Inside the venue, the foyer was heaving with concert-goers, and upstairs in the circle bar, it was positively throbbing. We drank our drinks out of plastic cups and enjoyed half an hour of people-watching. More used to refined surroundings of the front bar at the Wigmore, and its largely superannuated clientele, I was fascinated by the demographic. Yet, there were similarities with the classical music crowd: we were all there to enjoy the music, and the shared experience of music-making.
She emerged, through smoke, from an Anish Kapoor-style soft sculpture, which bore more than a passing resemblance to the female anatomy, and pranced to the front of the stage, all sequins and spangles and feathers: in her shiny cape, tight leggings and platform shoes She looked like a rare, exotic bird. As the raw opening beats of the first song began, the crowd cheered and whooped in recognition of the song. Of her. The heavily amplified music vibrated in my chest and the pit of my stomach; my ears hurt.
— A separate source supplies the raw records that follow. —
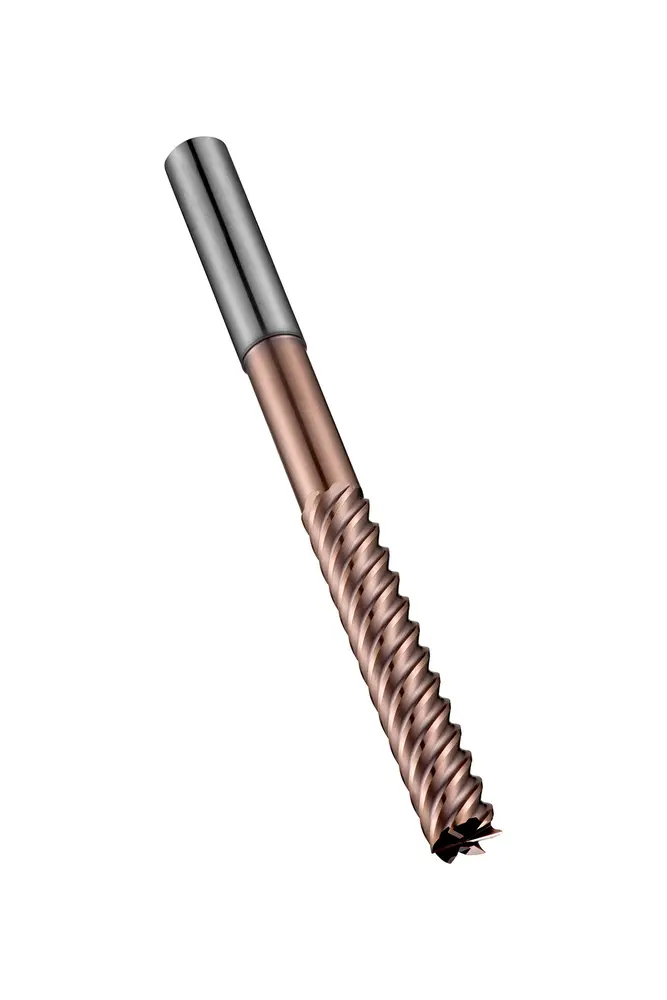 Концевая фреза для чистовой обработки сверхдлинной серии с 8 канавками, диаметром 20 мм, длиной режущей части 75 мм, общей длиной 150 мм и вылетом 110 мм с затылком, в соответствии со стандартом Dormer Pramet, с цилиндрическим хвостовиком 20 мм, цельная твердосплавная с покрытием TiSiN, углом наклона спирали 50° и передним углом -26° для фрезерования уступов в закаленных материалах
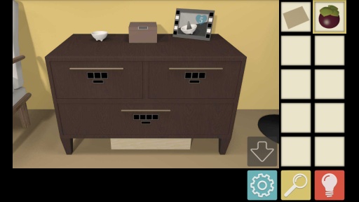 游戏的场景只有一个界面,房间的构造非常简单,主要包括小桌子,白沙发,每个抽屉都需要密码的大桌子,台灯和墙上的盆栽以及它们上面所摆放的东西组成而已;
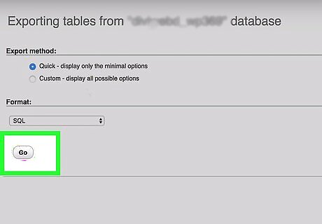 Export your database. You can do this by logging in to the cPanel account of your old web server and launching the phpMyAdmin application. Select the database that contains your WordPress installation and click “Export” and “Go” when prompted. The transfer may take a few moments to complete.
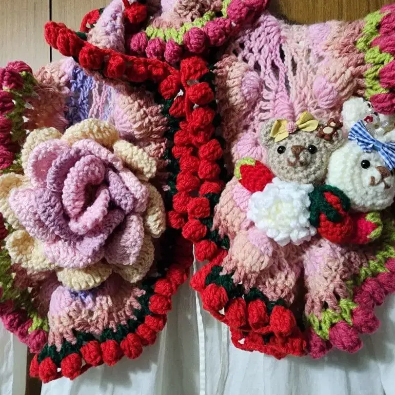 ♡ 핸드메이드입니다 ♡ ★ 재료 수급 문제로 오더는 접수하지 않습니다! ★ 입체 장미 모티브 털실 인형을 짜서 프릴 머플러를 만들었습니다. 핸드메이드입니다. 기성품처럼 완벽하지는 않습니다. 잘 부탁드립니다. 포테치노 사에라 벨파치 SM2 로베르타 간돌피 믹사주 핑크하우스 원더풀 월드 털실 인형 좋아하시는 분께 ♪

I was loving it.
Formed in 1999, a duo between singer Alison Goldfrapp and composer Will Gregory, Goldfrapp specialises in electronic music, but they are more than that because with the release of each new album (and there are five – I have them all), they have always cunningly reinvented themselves, while retaining their distinctive style and sound. Seventh Tree, the-last-but-one album (2007-8), is folksy, down-tempo and ambient, with a greater use of acoustic guitars than on previous albums. The latest release, Head First, is a nod back to the synthpop of the 1980s, while Black Cherry, their second album, shows the influence of glam rock.
Throughout the concert, I was struck by the many musical influences Alison Goldfrapp draws on, and, like the music of Schubert or Messiaen, her music ranges from a whisper to a scream. It’s redolent of early Pink Floyd, T-Rex, Donna Summer, Kate Bush, Portishead and the Cocteau Twins. Wider influences include Polish disco, and the cabaret music of Weimar Germany, and indeed Alison Goldfrapp’s on-stage presence owes much to burlesque and cabaret. Her music is dreamy, erotic (especially in the use of the Theremin), surreal, raunchy, hypnotic, quirky, while her lyrics are inspired by films, her childhood, her sexual fantasies. Most impressive is her voice, which croons one moment, growls the next, then switches to a high-pitched aria of almost heart-stopping beauty. Around her, the band look like throwbacks to Bowie’s Ziggy Stardust era, in their shiny catsuits and platform boots, and, as they play, she stomps and struts, prances and pirouettes, like Marc Bolan or Mick Jagger, her amazing costumes creating weird and wonderful shadows on the walls.